Data section:
##########

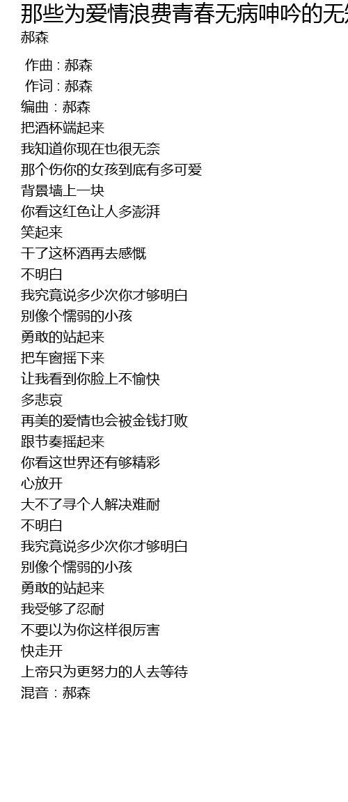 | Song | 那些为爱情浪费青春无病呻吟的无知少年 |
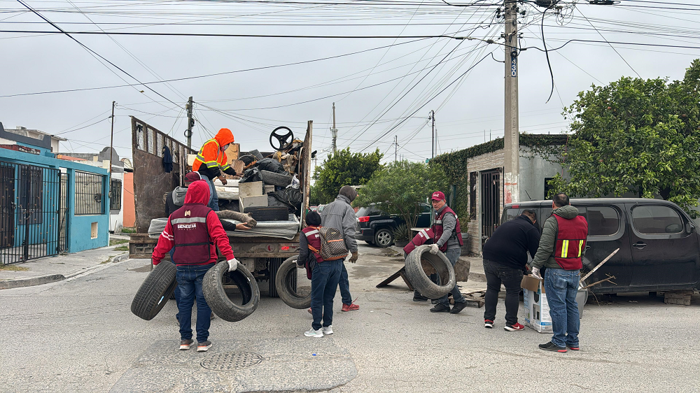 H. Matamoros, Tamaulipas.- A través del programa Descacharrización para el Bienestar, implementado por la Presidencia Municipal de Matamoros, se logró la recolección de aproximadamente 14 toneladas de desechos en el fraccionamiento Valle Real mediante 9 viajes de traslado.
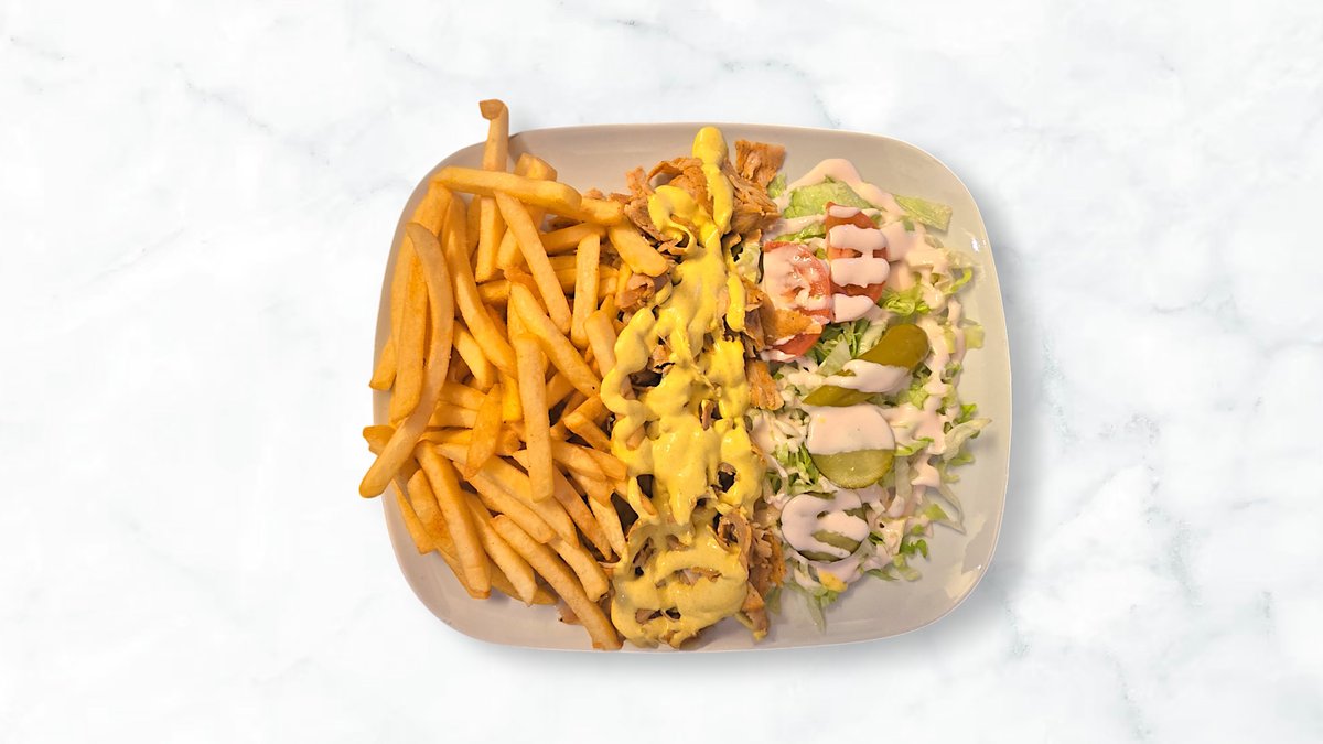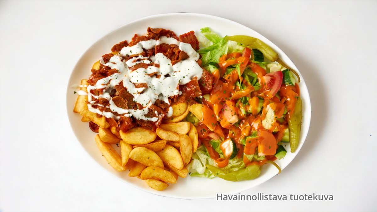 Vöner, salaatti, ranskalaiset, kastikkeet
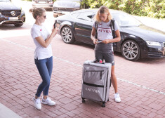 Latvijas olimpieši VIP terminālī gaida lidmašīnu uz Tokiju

##########

Exercise prompt: Write out exactly the lines beginning with the line that holds "H. Matamoros, Tamaulipas.- A" and ending with the final line of the data, both ends included, without the pictures.

Expected answer:
 H. Matamoros, Tamaulipas.- A través del programa Descacharrización para el Bienestar, implementado por la Presidencia Municipal de Matamoros, se logró la recolección de aproximadamente 14 toneladas de desechos en el fraccionamiento Valle Real mediante 9 viajes de traslado.
 Vöner, salaatti, ranskalaiset, kastikkeet
 Latvijas olimpieši VIP terminālī gaida lidmašīnu uz Tokiju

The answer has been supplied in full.